It could also be the speedo because it is bouncing which happens when it is running dry just like on antique cars. 

Troy


----------



## myaltimaskillingme (Jan 3, 2005)

*Gauge Problems*

I have a 94 GXE and last year it started popping the Meter Fuse, and when it popped it would kill all my gauges besides my fuel gauge. I traced all the brown meter wires & 3 run to each of the small wiring harnesses that run to the instrument panel & 1 runs to the Datalink Connector that is above the fuse panel which controls nothing. 

The other wire runs to the transmission which someone already told you about, it is under the battery tray & airbox you will see a flimsy metal bracket that is right next to the motor mount there are 3 small clips and the brown meter wire that runs to the gauges is in the middle one. That same Brown Meter Gauge Wire runs from the instrument panel to the transmission.
It starts at the gauges then runs through the firewall hole that is under the driver side fender (above the plastic wheel well liner) then runs to the bracket under the battery tray then doubles back to the transmission, you will see the clip it runs to. This might be you're problem because you described a clicking sound and thats what mine does, but when mine does it
it also pops the METER FUSE 10A then it kills my gauges and my alternator for some reason but my car will start, and run fine, but my alternator doesn't work so my electric fans don't work or my lights or anything electric unless the battery is fully charged which is for about a half hour.

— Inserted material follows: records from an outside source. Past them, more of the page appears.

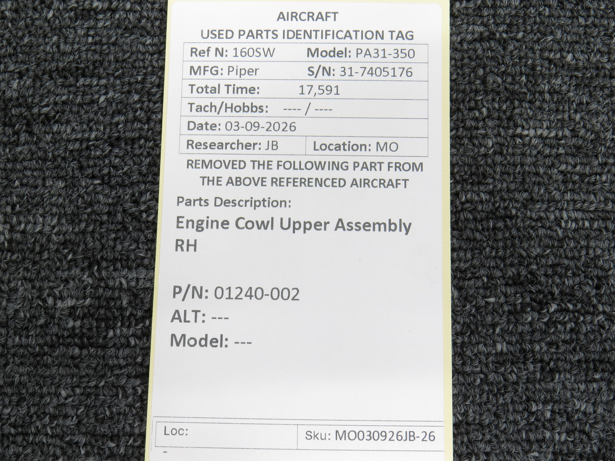 Every part is carefully inspected throughout our process and several times before it goes online. Most items are sold as-removed, just as they came off the aircraft. These parts are not functionally tested. What we do provide is clear photos, full traceability when available, pricing that reflects the as-removed condition, and a no-nonsense 90-day return window.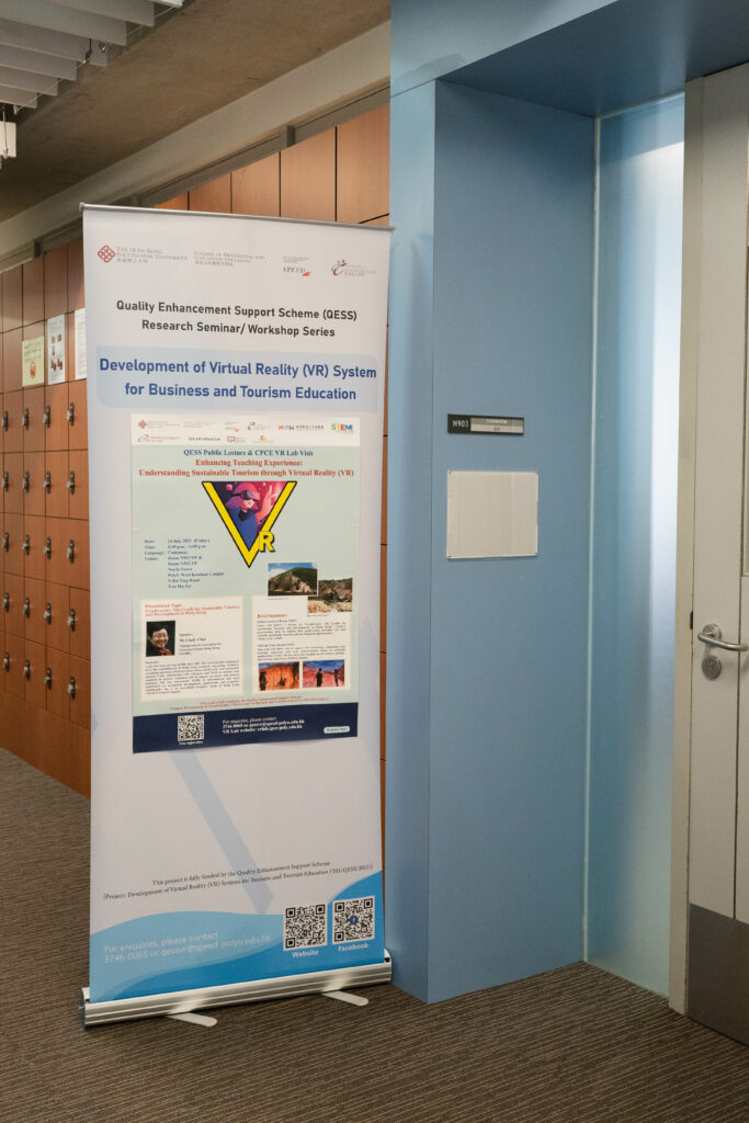 On July 14, 2023, we had the pleasure of hosting a captivating QESS Public Lecture and CPCE VR Lab Visit at the PolyU West Kowloon Campus. The event title was “Enhancing Teaching Experience: Understanding Sustainable Tourism through Virtual Reality (VR)”. Our guest speaker, Ms. Cindy Choi, Chairperson of the Association for Geoconservation, Hong Kong (AGHK), delivered an insightful talk on “Geodiversity: The Cradle for Sustainable Tourism and Development in Hong Kong”. We were pleased to see a diverse group of primary and secondary teachers in attendance, all eager to delve into the latest strides in VR technology. After the lecture, the attendees were treated to a hands-on experience in our VR Lab. They gained invaluable insights into how immersive technology can revolutionise the teaching and learning experience.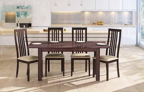 Обеденный стол DT-108 прекрасно дополнит интерьер небольшой кухни или гостиной. Стол отличается строгим лаконичным дизайном и надежной конструкцией из массива ценных пород древесины. Натуральные материалы, составляющие основу изделия, делают стол ценным предметом мебели, служащим украшением дома.

One of the brown meter wires also runs to the small metal box under the steering column, Then all the BROWN METER WIRES run to the fuse panel to the BROWN METER 10Amp FUSE 

I can go more in depth if you need just e-mail me at 
[email protected]


----------



## 93nissan (Mar 3, 2005)

Thanks for all your guys's help im going to go check it out today, ill post anything if i still have problems


----------



## 93nissan (Mar 3, 2005)

so i checked the dash console and nothing appeared to be wrong there all connections looked good,also the meter fuse was not blown nor any other fuses i checked, the three wires that myaltimaskillingme is talking about i found them but i couldnt tell if i needed to go under the car to find them or if i could check above the engine to see them, so i still need to do that, and check the speed sensor, but so far i havent come up with anything, more help is really appreciated in advance


----------



## KA24Tech (Feb 2, 2004)

Check the speed sensor on the transmission it could be loose. The sensor could be binding if you rotate it by hand. If you measure the voltage while turning it quickly it should measure approx. 0.5v A/C. The static resistance across the two terminals should be approx. 250 ohms.

Troy


----------



## marvin196932 (Apr 19, 2005)

*same problem*

Im having the same problem with mine with hud, I need to know the location of the senser on the tranny. thanks marvin


----------



## Albatross (Jun 19, 2005)

*speedo acting funny*

The speedo in my 1997 altima goes up to about 35mph but im actually doing 75mph. Does anyone know if this could be the speed sensor? If not id appreciate any ideas. Thanks


----------



## jchisamore (Jun 21, 2005)

I have a 96 Altima and the odometer froze at around 92,000. Is there just a connector loose or something?


----------